Thanks.  I'll pick one up next time I'm there.


----------



## chartle (Aug 20, 2015)

I prefer the HF tapered reamer thats about a foot away from that deburr tool. Deburs and puts a slight taper in the end


----------



## Skie_M (Aug 20, 2015)

Wildman said:


> Don’t have a current catalog but did look up that Slow Speed Blank Drying System for $59.95.
> 
> An inexpensive beer/soda cooler outfitted with a computer fan and racks and optional small light for heat would work better.
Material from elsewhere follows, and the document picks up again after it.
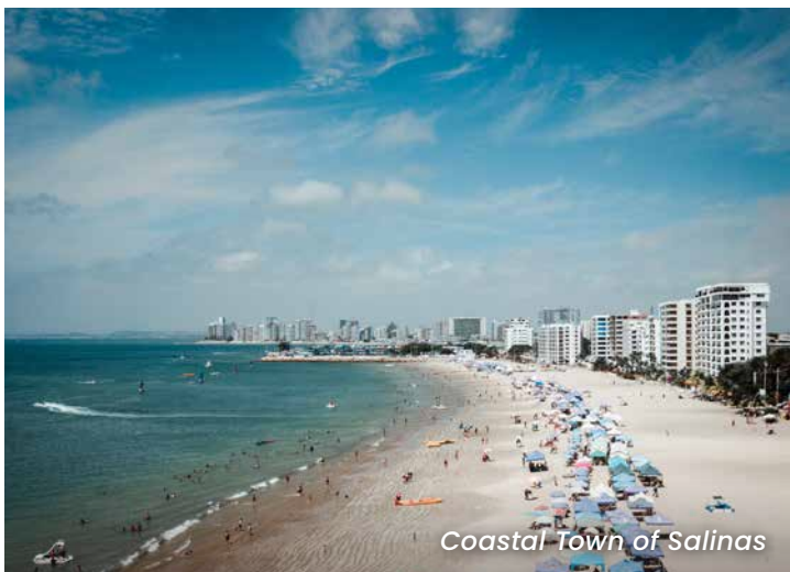
Coastal Town of Salinas

From small fishing villages to resort towns, the Pacific Coast of Ecuador is home to some of the most beautiful beaches in South America. Today we take a day trip to the coastal town of Salinas. It is known for its upscale beach lifestyle and such popular beaches as San Lorenzo and Chipipe. People travel from all over the world because the surfing in Ecuador offers an ideal climate all year round. Following lunch we go on a whale watching cruise. Migratory humpback whales pass the rocky point of La Chokolatera, which offers panoramic views over the Pacific Ocean. Every year from June to September, the Ecuadorian coast is visited by these giants of the sea, making Ecuador an impressive whale watching destination. Their habitat is at the south part of the continent, in the Antarctic region, where there is abundance of fish, their main food. As they are migratory mammals, they begin their journey through the Pacific Ocean to the north until they reach the coast of Ecuador. This journey of about 4,320 miles takes about 3 months.

Only prep need to do to the blank is scrap wax from the sides.
> 
> ...



That system is actually meant more for spinning the blanks at slow speed to allow the finish to dry evenly without drips or runs.  Now, if you modified your home made drying kiln/rack system to add a small DC motor to run along with the fan and spin an old mandrel mounted on a makeshift spindle inside of there, you'ld have a winner for sure! 

To square my blanks .... I don't have those barrel trimmer thingies ... not yet.  I take my rounded blanks that I've drilled and glued to my sander and I roll them on the table to give me a uniform sanded edge ... I take it right down to the brass tubes.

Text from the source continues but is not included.